Predictive Bayesian Network Model Using Electronic Patient Records for Prevention of Hospital-Acquired Pressure Ulcers.
10.4040/jkan.2011.41.3.423
- Author:
In Sook CHO
1
;
Eunja CHUNG
Author Information
1. Department of Nursing, Inha University, Incheon, Korea. insook.cho@inha.ac.kr
- Publication Type:Original Article ; English Abstract
- Keywords:
Pressure ulcer;
Bayesian prediction;
Logistic models;
Risk assessment;
Data mining
- MeSH:
Adult;
Aged;
Area Under Curve;
Bayes Theorem;
Cohort Studies;
Female;
Humans;
Logistic Models;
Male;
Medical Records;
Middle Aged;
*Predictive Value of Tests;
Pressure Ulcer/epidemiology/*prevention & control;
Retrospective Studies;
Risk Assessment
- From:Journal of Korean Academy of Nursing
2011;41(3):423-431
- CountryRepublic of Korea
- Language:Korean
-
Abstract:
PURPOSE: The study was designed to determine the discriminating ability of a Bayesian network (BN) for predicting risk for pressure ulcers.
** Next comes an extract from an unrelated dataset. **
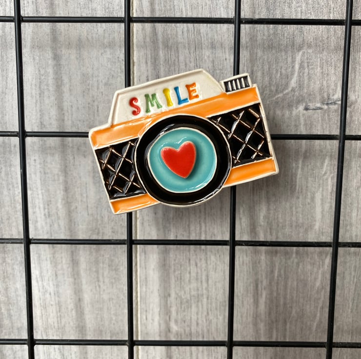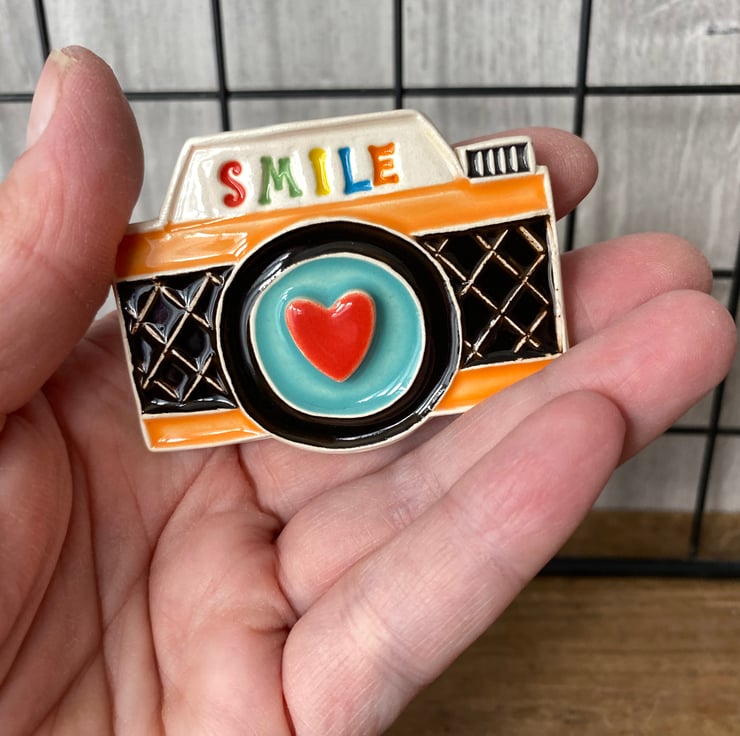 This little ceramic magnet is my own design which I have carved and then stamped into the earthenware clay. Bright detailing has been added during the glazing stage and fired twice in an electric kiln.

METHODS: Analysis was done using a retrospective cohort, nursing records representing 21,114 hospital days, 3,348 patients at risk for ulcers, admitted to the intensive care unit of a tertiary teaching hospital between January 2004 and January 2007. A BN model and two logistic regression (LR) versions, model-I and -II, were compared, varying the nature, number and quality of input variables. Classification competence and case coverage of the models were tested and compared using a threefold cross validation method. RESULTS: Average incidence of ulcers was 6.12%. Of the two LR models, model-I demonstrated better indexes of statistical model fits. The BN model had a sensitivity of 81.95%, specificity of 75.63%, positive and negative predictive values of 35.62% and 96.22% respectively. The area under the receiver operating characteristic (AUROC) was 85.01% implying moderate to good overall performance, which was similar to LR model-I. However, regarding case coverage, the BN model was 100% compared to 15.88% of LR. CONCLUSION: Discriminating ability of the BN model was found to be acceptable and case coverage proved to be excellent for clinical use.